*** Begin section ***

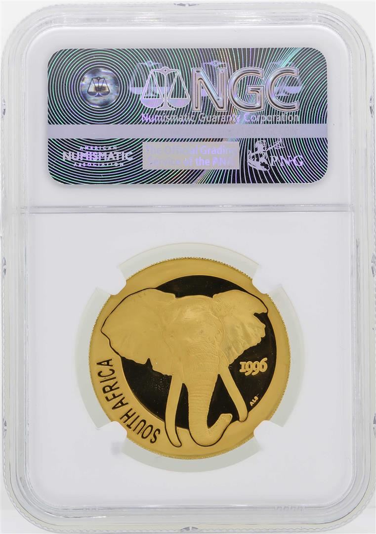 One 1996 South Africa Natura Elephant 1 oz Gold Coin NGC PF70 Ultra Cameo. NGC Certified.
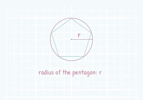 Locate the radius of the pentagon. The radius is a line drawn from the center of a shape to one of its vertices, also known as the circumradius. Pentagons have 5 vertices, or 5 points. For a pentagon, the radius would extend from the center of the shape out to one of the points. If you are given the radius of a pentagon, you can complete an equation that will give you the length of one of one side in order to calculate the perimeter. The value of a radius will always be positive.
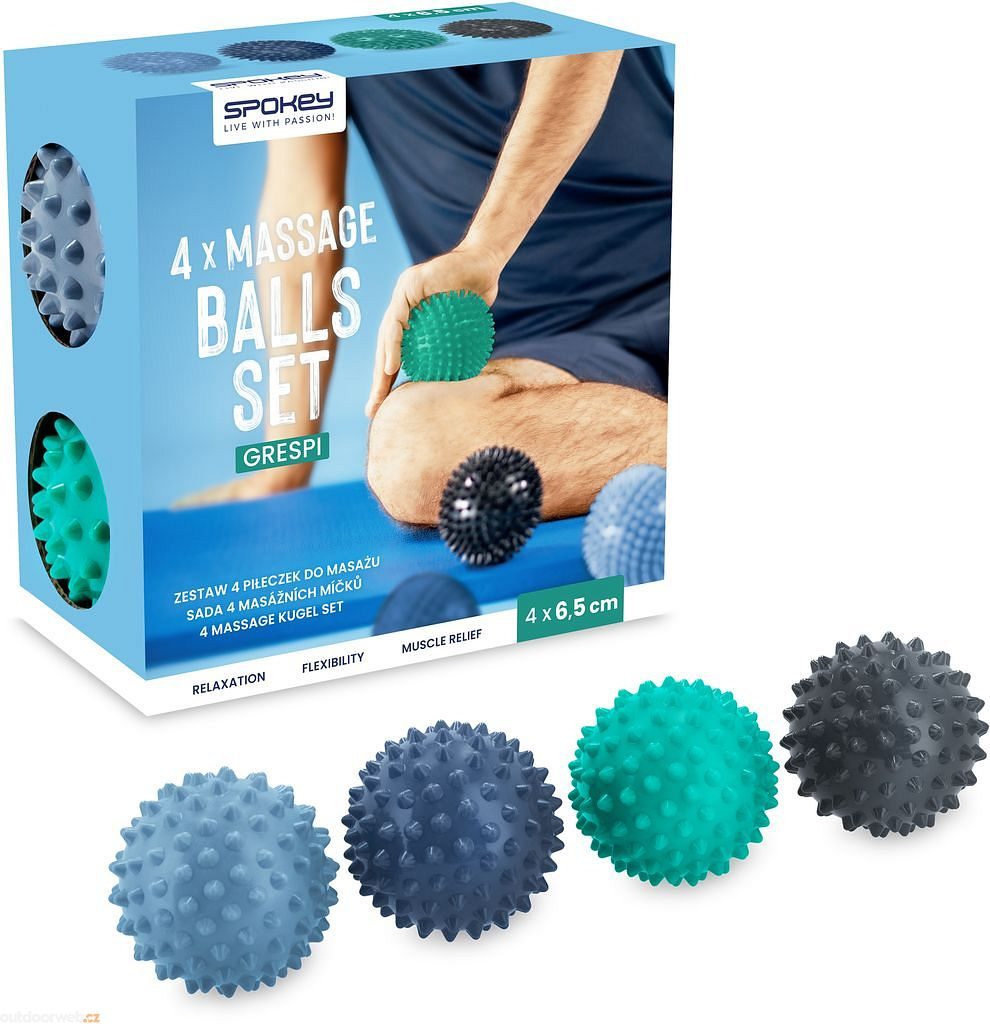 Massage balls GRESPI - set of 4 rehabilitation balls with different hardness and massage protrusions. Compact design for instant relief and regeneration anywhere.
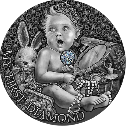 Эта серебряная монета представляет первый бриллиант, который попадает в руки ребенка. Монета имеет замечательный дизайн с красивой вставкой из драгоценных камней и имеет качество Proof. Она поставляется в футляре вместе с сертификатом подлинности. Ограниченный тираж - всего 1000 штук по всему миру!
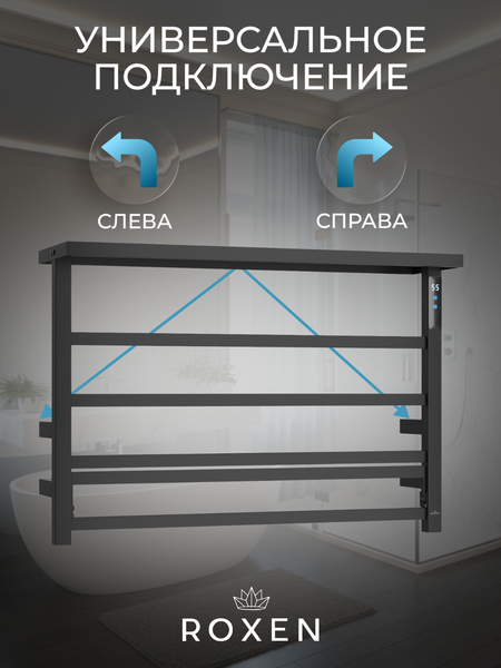 Полотенцесушитель электрический Roxen Velar 11060-4565-В черный, лесенка, нержавеющая сталь, 6 перекладин, ширина: 500 мм, высота: 630 мм, таймер, терморегулятор

*** End section ***

## TASK STATEMENT:
Leave out every picture and copy the rest of the records exactly.

## WRITTEN ANSWER:
 One 1996 South Africa Natura Elephant 1 oz Gold Coin NGC PF70 Ultra Cameo. NGC Certified.
 Locate the radius of the pentagon. The radius is a line drawn from the center of a shape to one of its vertices, also known as the circumradius. Pentagons have 5 vertices, or 5 points. For a pentagon, the radius would extend from the center of the shape out to one of the points. If you are given the radius of a pentagon, you can complete an equation that will give you the length of one of one side in order to calculate the perimeter. The value of a radius will always be positive.
 Massage balls GRESPI - set of 4 rehabilitation balls with different hardness and massage protrusions. Compact design for instant relief and regeneration anywhere.
 Эта серебряная монета представляет первый бриллиант, который попадает в руки ребенка. Монета имеет замечательный дизайн с красивой вставкой из драгоценных камней и имеет качество Proof. Она поставляется в футляре вместе с сертификатом подлинности. Ограниченный тираж - всего 1000 штук по всему миру!
 Полотенцесушитель электрический Roxen Velar 11060-4565-В черный, лесенка, нержавеющая сталь, 6 перекладин, ширина: 500 мм, высота: 630 мм, таймер, терморегулятор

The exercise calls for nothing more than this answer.